Amaanda BrownがいるCasimir Pulaskiday. は久しぶり、2年ぶりだ。
Amandaさんがいるというのはいいもんだ。
いつになってもいいから、もしAmandaさんが何かをつくるのならば、私の店で発表させてもらいたいと願っています。
昨年はAmandaさんのフリーランス業務が多忙で自身のクリエイティブワークの時間がとれず、今年に入ってからその時間を確保してまたAmanda Brownのプロジェクトが再開された。
最初のサンプルを送ってもらってからのこの数ヶ月、Amandaさんとのやり取りの中で改めて彼女のクリエイションの豊かさと技術力、自身の仕事への責任感、そしてAmandaさんの優しさを再認識しました。
異国の小さな店に対しても労を厭わず向き合ってくれたことに心からの感謝を込めて、届いたばかりのAmanda Brownの最新作について書きます。
Amandaさんのファーストサンプルはいつも白だ。
送られてきた躍動的な白たちを前に、また新しく特別なものに出会えることが確定した。
今回もAmandaさんはヴィンテージのTシャツを使ったアップサイクルプロジェクトに取り組むらしい。

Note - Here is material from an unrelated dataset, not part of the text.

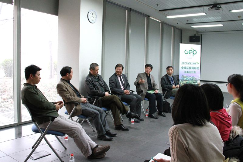 环境学院2015年12月25日电(通讯员 赵倩)12月25日下午,全球环境国际班“指委面对面——从全球视野看中国全球环境人才之需要”活动在环境学院119会议室举行。联合国环境署北京办事处总代表张世钢、国际生态系统管理伙伴计划主任刘健、天津大学特聘教授张中祥、环保部政策研究中心研究院王华、环保部国际合作司处长夏应显等五位委员与2015级国际班同学进行了深入交流。国际班责任教授余刚主持活动,项目主任岳东北、秘书赵倩与辅导员黄海等参加活动。

これまでにCPD.では5回のアップサイクルプロジェクトを発表し、うちTシャツを用いたものは3回目となるが、印象はこれまでの作品に近いものの明らかに進化したテクニックに目を疑い胸踊る。
まずどうしたらこれができるのか見当がつかない。自分にわかるわけがないのは当然なのだがやはりAmandaさんが日々可能性を広げる生き方をしているのだと思った。偉そうに言いたいわけではなく私は本当に尊敬しているのだ。
1本ずつ紐状カットされた縦のヴィンテージTシャツと、その一本ずつを通して面にさせるためのチューブが連なる横のニットラインで構成されたTシャツとドレスがAmanda Brownの最新作です。
ニットパーツを見ると上下で異なる編み地のダブルフェイスになっている。
このプロセスがわからなくてどうやったのか聞いてみたら、まずダブルベッドの編み機で上下のパーツを作り、その後にチューブができるように上下をコネクトしたのだそう。ゾッとするプロセスだった。
Amandaさんのバランスでチューブに通されたTシャツ紐はプレイフルで愛らしく、アットランダムでありながらしっくりと均衡がとられている。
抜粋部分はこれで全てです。